9. One of the crucial insights found in the work of
Marx, I think, for helping us today to better understand capital’s inherent and
unalterable antagonism towards the natural environment, leading ultimately to
catastrophic destruction of the latter, to what some have called ecocide,
is his analysis of the phenomenon of ‘production for production’s sake’ in
connection with the transition to the real domination of capital. I allow
myself to take a lengthy quote from the “Results …” which is rich in conceptual
material for our theoretical task today.
“’Production for
production’s sake’ – production as an end in itself – does indeed
come on the scene with the formal subsumption of labour under capital.

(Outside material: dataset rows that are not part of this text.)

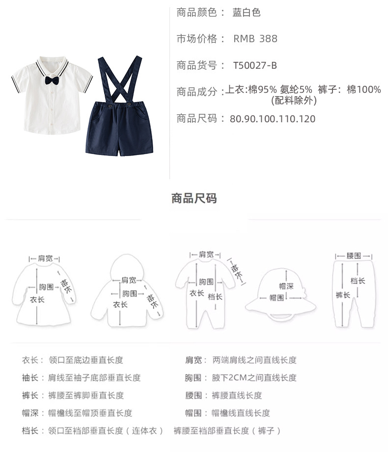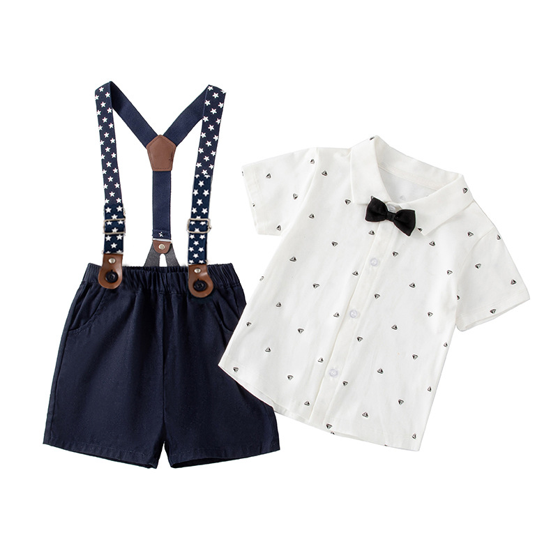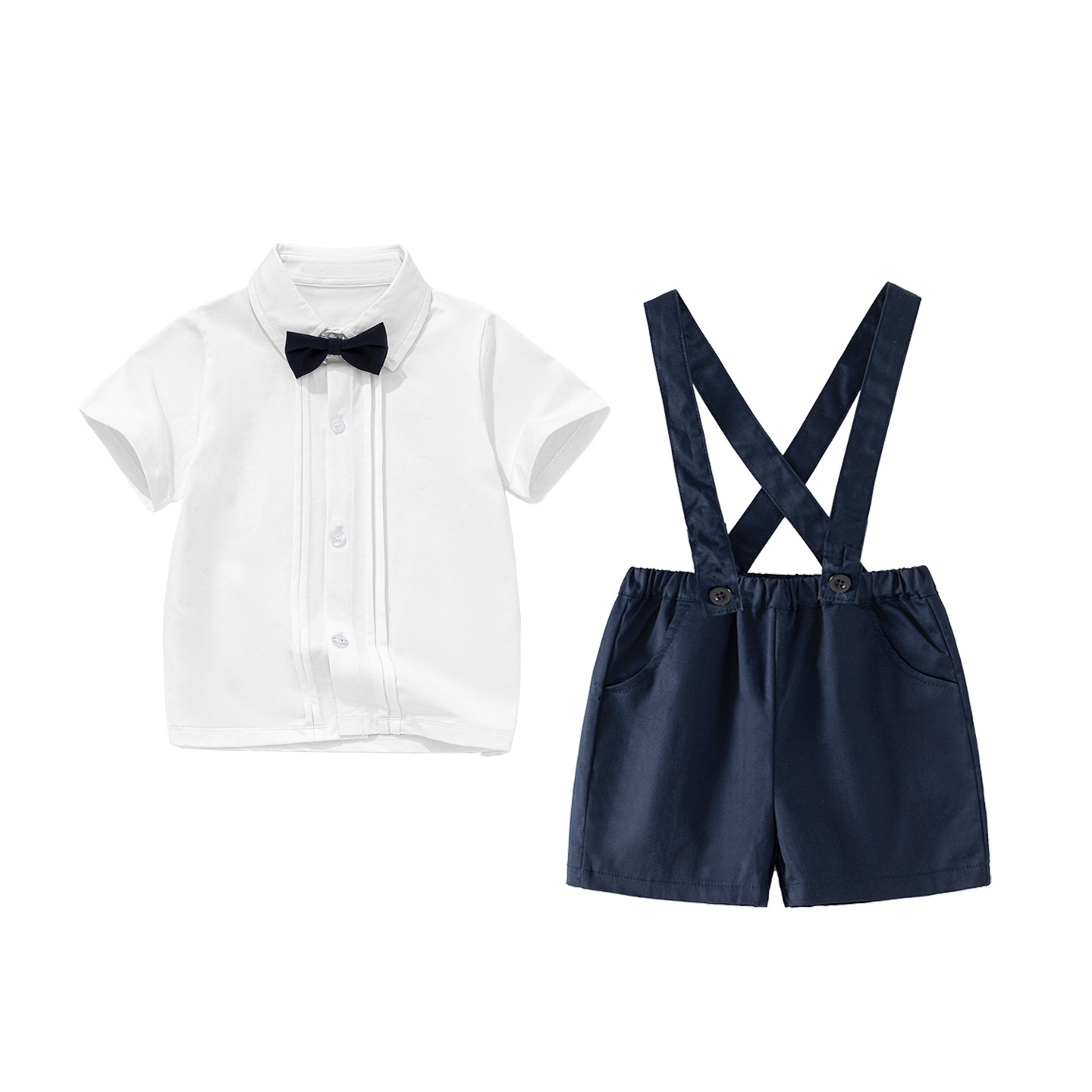 • 짧은 소매 세트 [흰색과 파란색 신사 서스펜더 세트]]
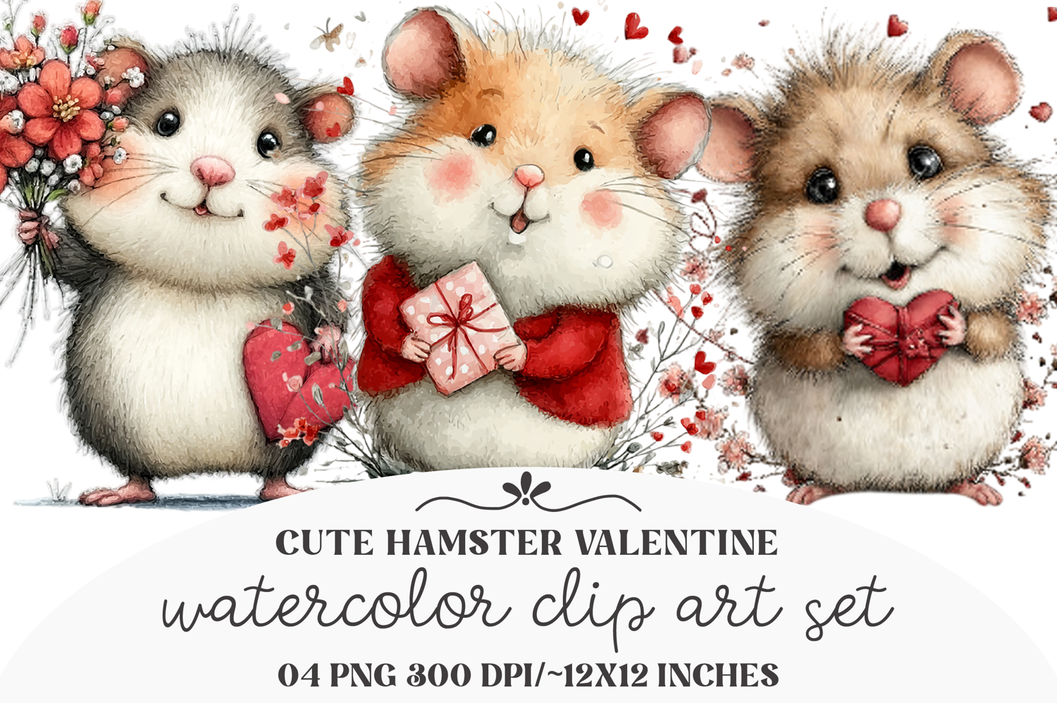 Whimsical Cute Hamster Valentine Clipart example image 1
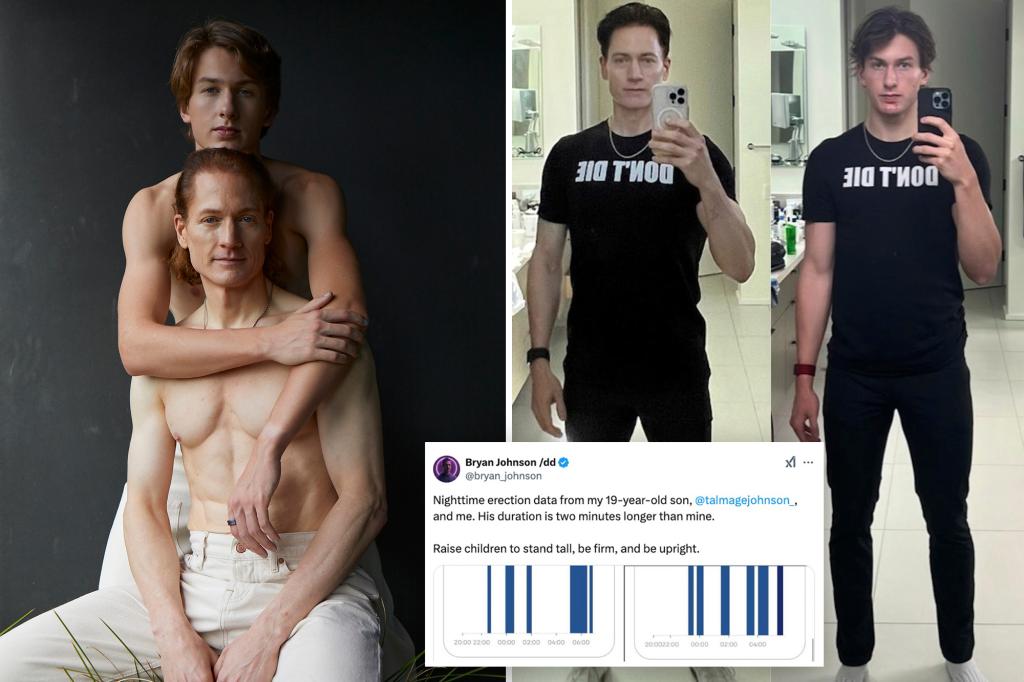 Anti-aging fanatic Brian Johnson is facing intense backlash over a “bizarre” and “gross” post revealing data tracking his teenage son's nocturnal erections. On Wednesday, the 47-year-old tech mogul posted a screenshot showing data from his and his 19-year-old son Talmage's night-time erection tracking machine. The data he posted included the number of erections, average duration, […]
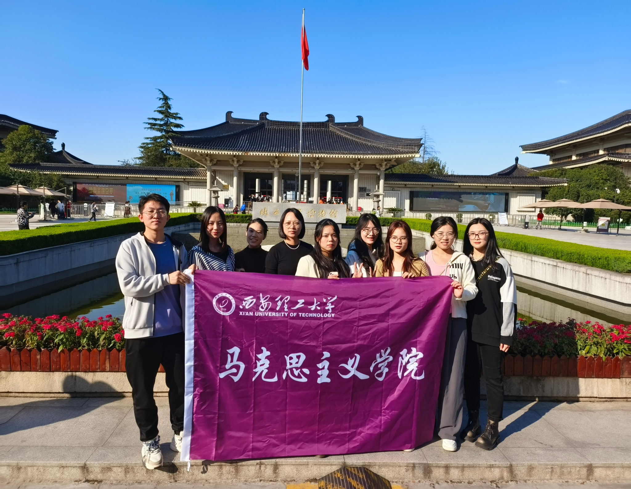 陕西作为十三朝古都,遍布在全省的23453处古遗迹是人类发展历史不可湮灭的文明印记,14367处古墓葬是中华文明不可割断的文明根脉,6702处矗立在三秦大地上的古建筑是中华文明不可颓堕的文明标识,1068处石窟寺、石刻类文物是不可剥蚀的文明宝库,3213处近现代重要史迹特别是革命文物是红色文化的鲜明印记。陕西历史博物馆作为展示陕西发展历史和对外交流的重要窗口,在传承中华文明方面发挥了独特作用。为了加深对陕西乃至中华五千年悠久历史的了解,10月20日,伟德国际1949研究生会赴陕西历史博物馆参观研学。
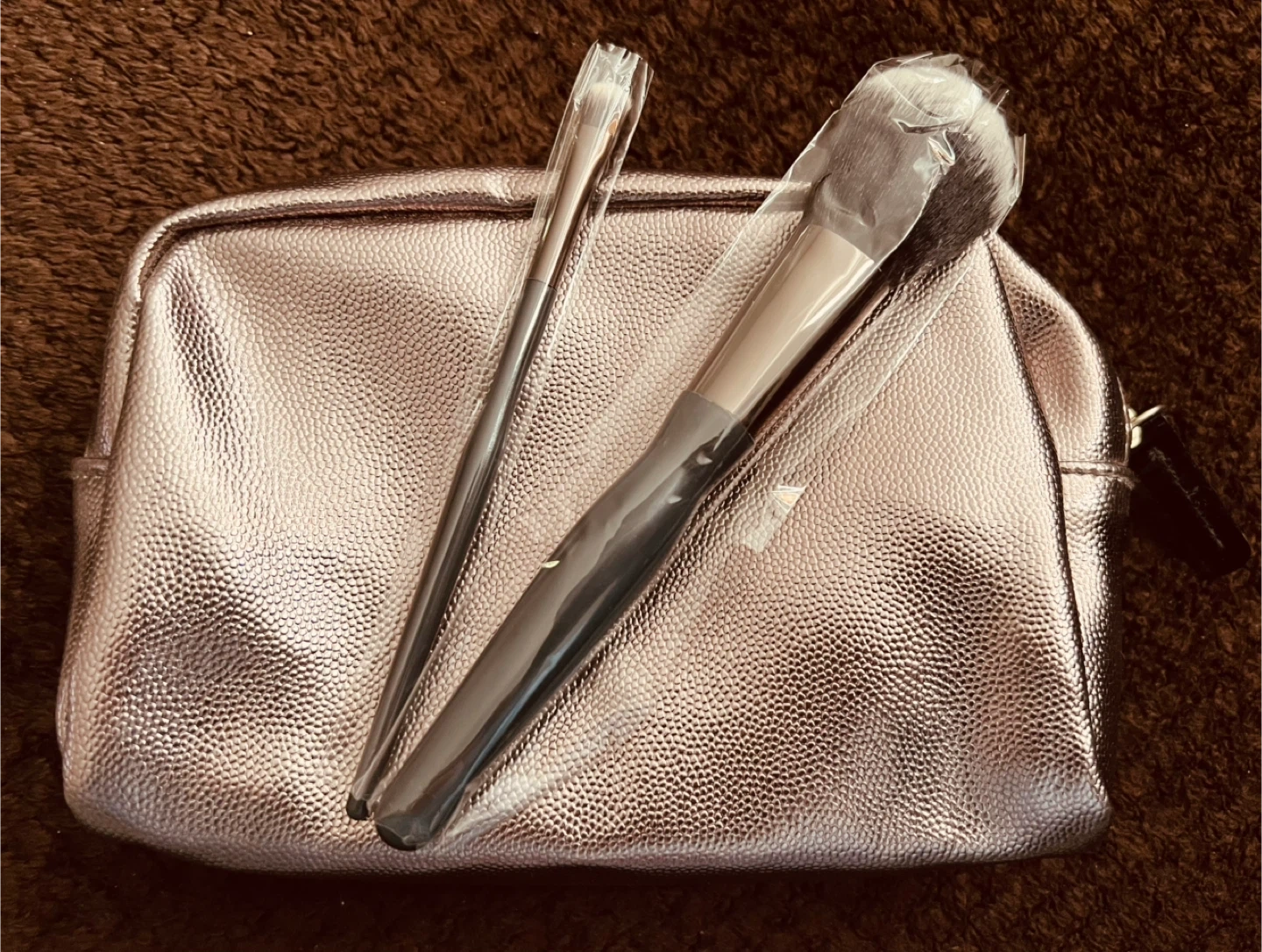 Beautiful Metallic Makeup Bag w/2 Brushes
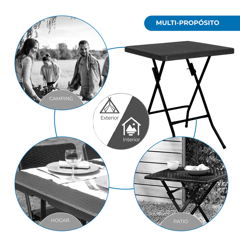 Mesa Plástica Plegable Multiuso Skop Garden Simil Ratán 60 x 60 cm Color Negro
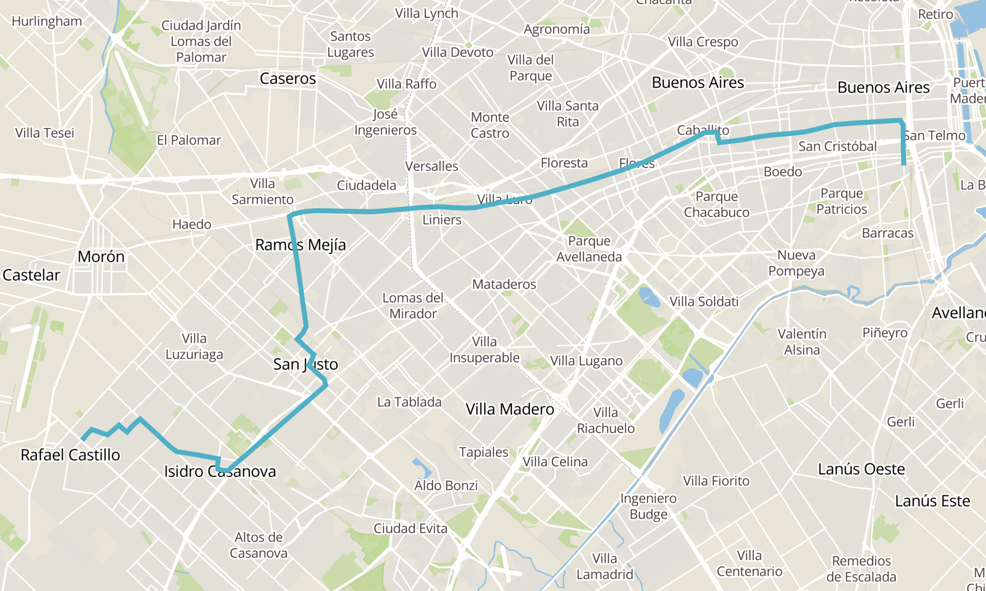 Recorrido de la línea 96C: a Est. Rafael Castillo
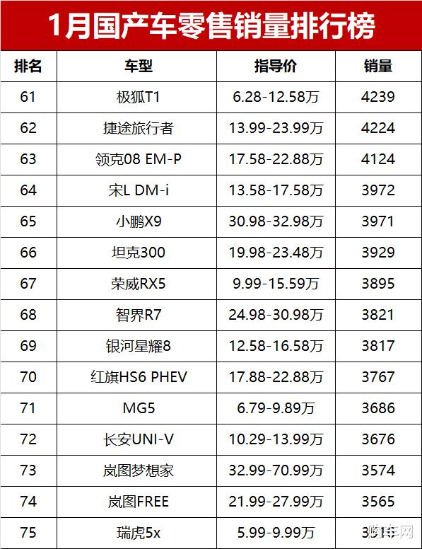 问界M7依旧是高端新能源SUV里的大热门,1月销量26454辆,位列第四。吉利星越L定位家用品质SUV,销量23815辆,排名第五。同品牌的星瑞以19027辆排在第六,是国产轿车里的主力担当。值得一提的是,1月份吉利汽车共有5款车型进入国产车销量榜的前十榜单,成为本月乘用车市场上的最大赢家。
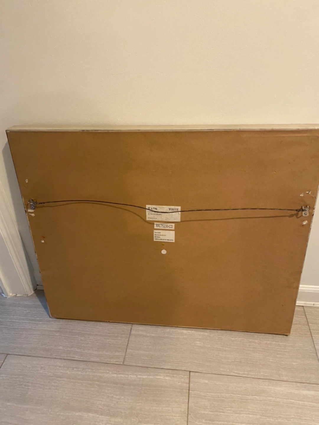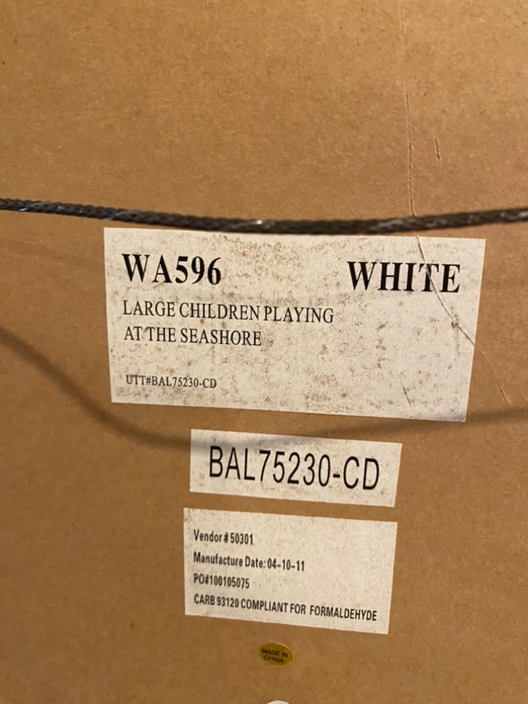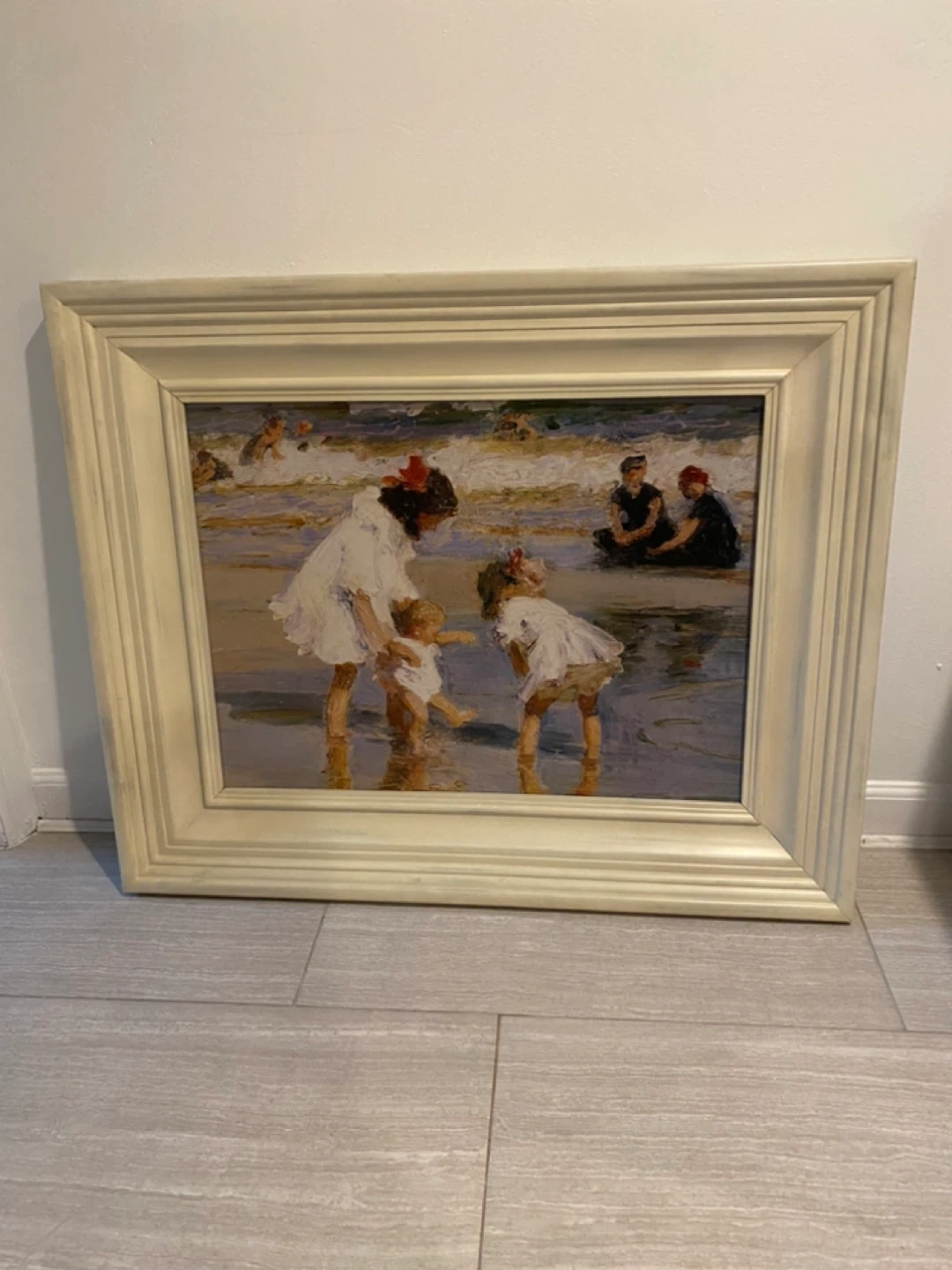 Framed art featuring children playing at the seashore. The frame is white. It's a nice piece to add to any room

It makes its appearance as soon as the immediate purpose of production is to
produce as much surplus-value as possible, as soon as the exchange-value
of the product becomes the deciding factor. But this inherent tendency
of capitalist production does not become adequately realized – it does
not become indispensable, and that also means technologically
indispensable – until the specific mode of capitalist production and
hence the real subsumption of labour under capital has become a reality.
The latter has already
been argued in detail, so that we may be quite brief here. It is a form of
production not bound to a level of needs laid down in advance, and hence it
does not predetermine the course of production itself. (Its contradictory
character includes a barrier to production which it is constantly
striving to overcome. Hence, crises, over-production etc.) This is one side, in
contrast to the former mode of production; if you like, it is the positive
side. On the other hand, there is the negative side, its contradictory
character: production in contradiction, and in indifference, to the producer.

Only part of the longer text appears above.